The Canadian government will hold public consultations with the country’s federal pension funds to consider eliminating the current 30% limit for holding voting shares of an individual company.
The recommendation was included in the Canadian government’s 2015 budget plan, introduced Tuesday. It recommended that removing the ban could “reduce red tape and improve the investment climate in Canada.”
While the current limits officially apply to federally registered plans — those whose participants are in several provinces, “they have been adopted by most Canadian provinces, so that any amendments to those regulations would apply automatically to pension plan investors in those provinces that have adopted the federal regulations unless they specifically exempt themselves from them,” said Anna Zalewski, an associate with law firm Osler, Hoskin & Harcourt. She added that Quebec has its own pension investment legislation separate from federal law.
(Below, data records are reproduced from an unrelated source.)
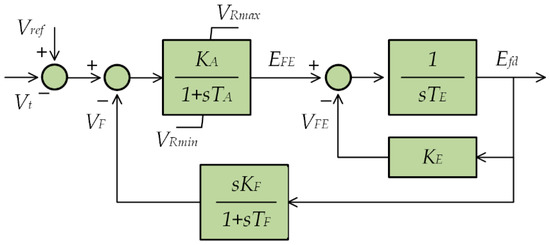 - IEEE Power and Energy Society. IEEE Recommended Practice for Excitation System Models for Power System Stability Studies; IEEE: Piscataway, NJ, USA, 2016. [Google Scholar] [CrossRef]
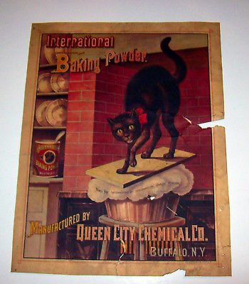 Title (ebay affiliate link): VINTAGE INTERNATIONAL BAKING POWDER BLACK CAT QUEEN CITY CHEMICAL CO. ART AD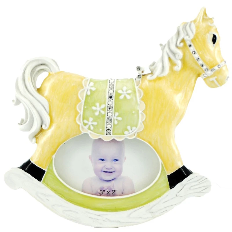 Κορνίζα παιδική πολυεστερική χειροποίητη σε σχήμα αλόγου σε γαλάζιο - λευκό χρώμα με στρας τύπου swarovski από την Royal Art - Διαστάσεις: 14x15εκ.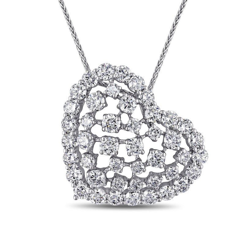 3 CT. T.W. Natural Diamond Scattered Tilted Heart Pendant in 14K White Gold (H/SI2)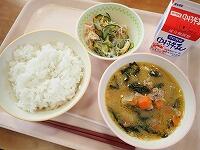 麦ごはん 牛乳 チキントマトカレー 海藻サラダ
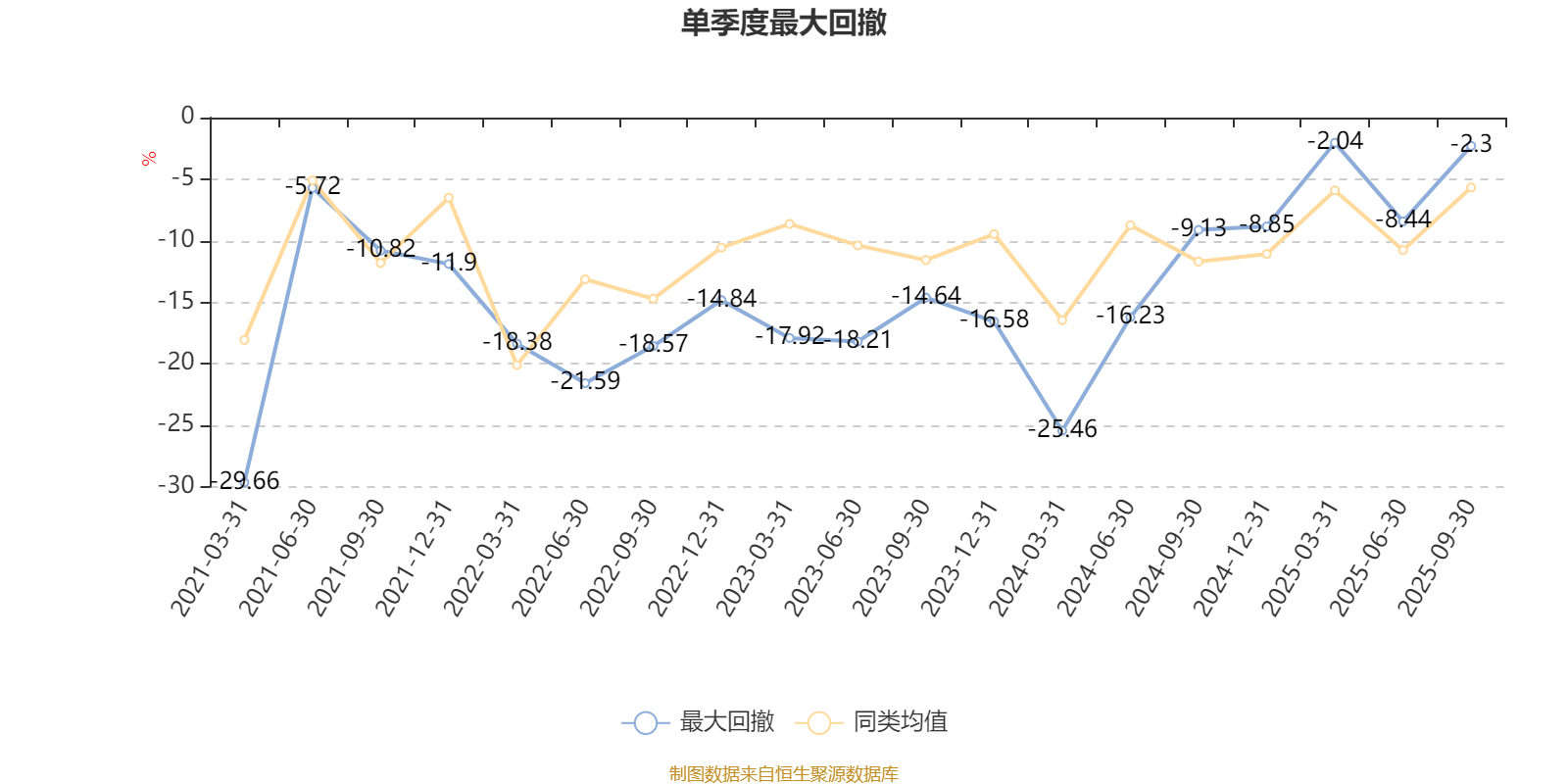 截至9月30日,基金近三年夏普比率为-0.1859,位于同类可比基金515/518。

Ms. Zalewski said the rationale for the rule was to support passive investment. “However, as investment practices have become more sophisticated, particularly in infrastructure and private equity, the rule has led to inefficiencies,” she said. “Many players in the Canadian pension industry have been advocating for the removal of the rule or the introduction of exemptions to it.”
Deborah Allan, spokeswoman for the C$154.4 billion ($126 billion) Ontario Teachers’ Pension Plan, Toronto, said OTPP is a provincial plan and officials there are awaiting further information from the Ottawa government concerning whether the recommendation would apply to them.